Vintage Champagne

Champagne lovers have a lot to be happy about these days thanks to a recent streak of good to great vintages beginning with 2002.  But there's also reason for teeth-gnashing over prices, especially among buyers coveting the region's most sought-after producers and collectible bottlings.  For those who absolutely, positively must have trophy Champagnes, it's a sellers' market, plain and simple.  The prestige bottlings of the region are luxury goods on a par with the top wines of Bordeaux and, increasingly, Burgundy, and deep-pocketed buyers around the world are chasing the same names.  So you'd better get used to competing against oil and communications barons from Russia, Asian tycoons and other international high-rollers if you insist on owning the marquee marques of Champagne. 

What's sad is that the highest-profile Champagnes of all can also be among the best of the region, despite the sour grapes put forth by many buyers who instinctively reject brand names.  A concomitant effect of the surge in popularity of the grower Champagne movement has been a parallel growth in the number of brand-averse consumers who declare that the wines made by large houses are by definition boring, industrial products that "lack soul."

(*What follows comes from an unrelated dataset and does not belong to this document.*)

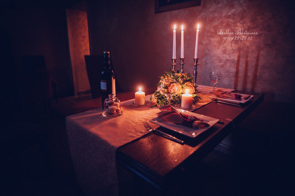 Для полноценной романтической обстановки — бронируем столик в углу зала около окна. Если он занят, то просто около окна. Просим официанта поставить свечу и рыбку на свой стол, и приходим в назначенное время.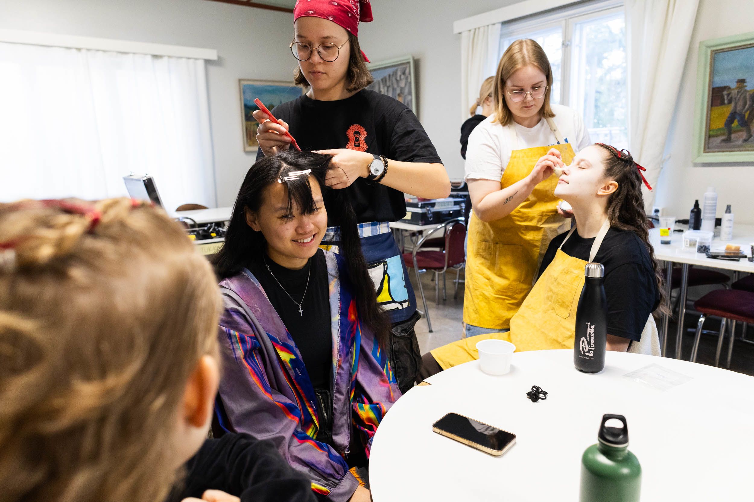 Ella Eskelinen aloittaa Adelia Aallon kampauksen tekemistä. Oikealla Annika Aro maskeeraa tanssija Sanna Väkipartaa.

While image and Champagne are inextricably linked, I'd wager that large Champagne houses have attracted more derision from egalitarian drinkers for their carefully crafted and maintained images than has any other set of wine producers from any region in recent years.  Even large producers in Burgundy like Louis Jadot and Joseph Drouhin have been getting fawned over recently by picky fans of the region and the same goes for first-growth Bordeaux chateaux and even Napa Valley cult wines.

My advice to the open-minded is to judge the wines for yourself, meaning check out the small producers and also try the Champagnes of the big houses (the best ones, please).  As for the nobility of spending your wine dollars, rubles, yen, pesos, euros, riyals or yuan to support a small farmer rather than a corporate-owned house, that's a highly personal call that might or might not be influenced by what's ultimately in the bottle.

On the subject of recent vintages, 2009, which was as warm in Champagne as in the rest of Europe, produced some of the ripest grapes in the region's recent history, with high sugar levels and moderate acidity.  My early look at the wines suggests that they will mostly be fresher than the 2003s but still in a style that will probably be better suited for early drinking than cellaring.  I suspect that quite a bit of 2009 wine will be destined for non-vintage bottlings, to fatten up and give depth to the leaner 2008 and 2007 wines, but there should be a number of outstanding vintage Champagnes, especially for those who favor a powerful style.

The 2008s and 2007s are hitting the market in a wave right now, and these are both years where producer trumps vintage even more than usual.  A cold summer in 2008 was saved by a heat spell in early September that spiked sugars, to the relief of growers and winemakers across the region, but one can't ignore the chilly lead-up to the harvest season.  While a few outstanding 2008s are or will soon be available, there's no avoiding the fact that it's a mixed vintage and one to approach carefully.  The same goes for 2007, which also witnessed a cold, rainy summer, with a huge crop (especially of chardonnay) that was brought in far earlier than normal, near the end of August.  Predictably, that means mostly dilute fruit and high acidity, so expect a large proportion of the '07 wines to be reserved for non-vintage Champagnes rather than for vintage bottlings.